Theater Neu-Ulm

Richtige Adresse für "Gute Komödie" - Unkonventionelles Theater mit erstaunlichen Folgen

Theaterabende "Ohne Netz ..." - Theatrale
Readymades - Ein Ergebnis: die Ulmer Lobbycard

Wir verstehen uns als Theatermacher im weitestmöglichen Sinne. Zu keiner Zeit waren wir ausschließlich Rollenspieler, Sprechmaschinen. Wir haben zwar jede Menge Werke der dramatischen Literatur aufgeführt, aber: Schon das Markenzeichen des Ensembles, in dem unsere gemeinsame Theaterarbeit Ende der 1970er Jahre begann, war es - mit den Mitteln des Theater(machen)s zu intervenieren - bis hin zu "Sklavenmärkten", "Gewissens-TÜV" und "Theater ohne Publikum" (siehe auch: Hans Daiber: Deutsches Theater seit 1945).
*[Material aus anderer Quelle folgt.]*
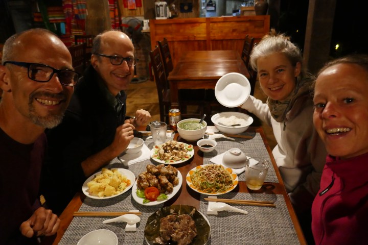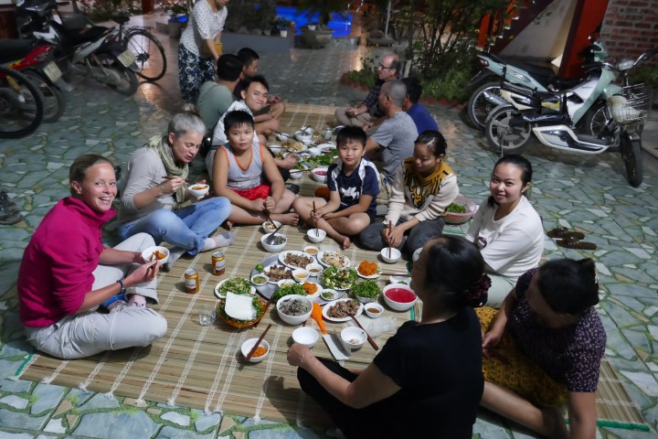 We sluiten onze vakantie af met een feestmaal. De familie van ons guesthouse nodigt ons uit mee te eten, waar we allemaal gelijk mee instemmen. Wat precies de reden is van deze feestelijke aangelegenheid, wordt ons niet helemaal duidelijk. Het eten is heerlijk en de alcohol vloeit rijkelijk. Dus we klagen niet 😉. De maaltijd krijgt wel een beetje bijzondere wending als ik in mijn pap een onderkaak aantref. Toch benieuwd wat voor dier ik aan het op eten ben, doe ik navraag. Het is een soort kleine, wilde geit. Uhm… een geit met slachttandjes zeker? Maar nee, ze verzekeren dat het een herbivoor is. Als we later toch nog wat Googlen, krijgen we het ernstige vermoeden dat we een onfortuinlijke kat (of toch een hond?) hebben gegeten. Getverderrie!!! Dit willen we helemaal niet weten! Zeker niet als kattenliefhebber ☹. Tsja het ís en blijft Vietnam. Hier wordt, net als in China, alles gegeten; hond en kat is daarbij zeker niet uitgesloten. Bah!!

In den frühen 1990er Jahren fanden wir im Zuge der unkonventionellen, innovativen Arbeit unter anderem zum (wie wir es getauft haben) "Theatralen Readymade" (angelehnt an den Begriff von Marcel Duchamp).

Dazu gehören auch die "Ohne Netz ..."-Abende. In denen werden Tabu-Themen wie Tod, Sterben, Knast, Folter, Armut, Fremdsein auf die Bühne gebracht, und zwar in einmaligen Aufführungen; Texte, Szenen, Musik und Gespräche wechseln.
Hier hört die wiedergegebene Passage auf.